Unnamed: 0,domain,type,content,title
0,nytimes.com,real,The stunning announcement by Japanese and Amer...,Behind the Stem Cell Breakthrough
1,nytimes.com,real,We are halfway between the lunatic and the ter...,Quotation of the Day
2,nytimes.com,real,There were Jews in Manhattan before there was ...,Celebrating Sounds Rooted In Gritty but Fertil...
3,nytimes.com,real,To the Editor:\n\n“How Apple Sidesteps Billion...,"What Apple Pays in Taxes, and Doesn't"
4,nytimes.com,real,"Katharine Winnifred Shergalis, a daughter of M...","Katharine Shergalis, Thomas Ewald"


In [4]:
df.info()

<class 'pandas.core.frame.DataFrame'>
RangeIndex: 1789474 entries, 0 to 1789473
Data columns (total 4 columns):
 #   Column   Dtype 
---  ------   ----- 
 0   domain   object
 1   type     object
 2   content  object
 3   title    object
dtypes: object(4)
memory usage: 54.6+ MB


## Clean up the domain and check the unique domains

In [5]:
def extract_domain(url):
    """
    Extract domain name from fld url
    """
    info = tldextract.extract(url)
    return info.domain

In [6]:
df['domain'] = df['domain'].astype(str).apply(extract_domain)
df.head(3)

Unnamed: 0,domain,type,content,title
0,nytimes,real,The stunning announcement by Japanese and Amer...,Behind the Stem Cell Breakthrough
1,nytimes,real,We are halfway between the lunatic and the ter...,Quotation of the Day
2,nytimes,real,There were Jews in Manhattan before there was ...,Celebrating Sounds Rooted In Gritty but Fertil...
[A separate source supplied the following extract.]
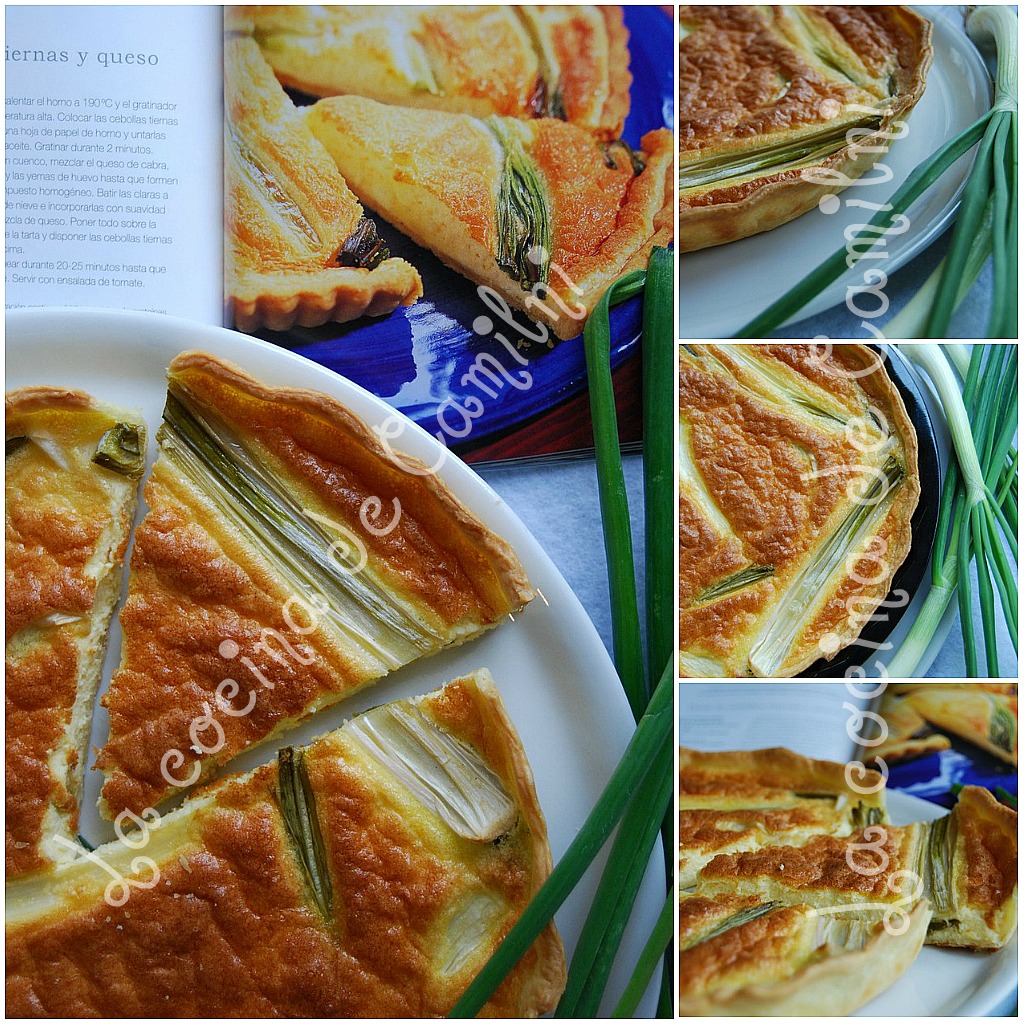 Me cuesta llegar hasta final de mes, madre mía la de "encajes de bolillos" (por así decirlo) que tengo que hacer. En casa no se tira nada de nada, es más aprovecho todo los restos que me van quedando, y voy gastando todo lo que queda en el frigorífico; el pobre mío lo tengo a dieta. Mi padre guapo (no es por decirle un piropo, es que lo es), me trajo un buen manojo de cebollas tiernas (cebolletas), tenía que hacer algo con ellas. Mirando en un libro de recetas que ganamos en un concurso, vi esta receta que me enamoró. Además que es de bajo coste, tiene unos ingredientes muy básicos y al alcance de todos; el resultado nos encantó. Os la recomiendo, por su contraste de sabor de cebolla junto con el queso de cabra y su textura suave al morder. Se puede comer tanto fría como caliente.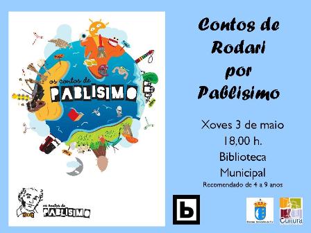 A Biblioteca Pública Municipal de Tui acolle mañá xoves 3 de maio ás 18,00 horas unha sesión de contacontos a cargo de Pablisimo...

## Cleaning up the content column by removing all the noises

In [19]:
# Portions of this are excerpts from Stack Overflow responses
def remove_special_characters(text): 
    """
    Removes special characters from the text document
    """
    # define the pattern to keep. You can check the regex using this url https://regexr.com/
    pat = r'[^a-zA-z0-9.,!?/:;\"\'\s]'
    return re.sub(pat, '', text)

def remove_extra_whitespace_tabs(text): 
    """
    Removes extra whitespaces and remove_extra_whitespace_tabs
    """
    #pattern = r'^\s+$|\s+$'
    pattern = r'^\s*|\s\s*'
    return re.sub(pattern, ' ', text).strip()

def remove_digits(text): 
    """
    Remove all digits from the text document
     take string input and return a clean text without numbers.
        Use regex to discard the numbers.
    """
    result = ''.join(i for i in text if not i.isdigit()).lower()
    return ' '.join(result.split())

def remove_newlines(text): 
    """
    Remove newline characters from the text document
    """
    return text.replace('\\n', ' ').replace('\\r', ' ').replace('\n', ' ').replace('\r', ' ').replace('\\', ' ')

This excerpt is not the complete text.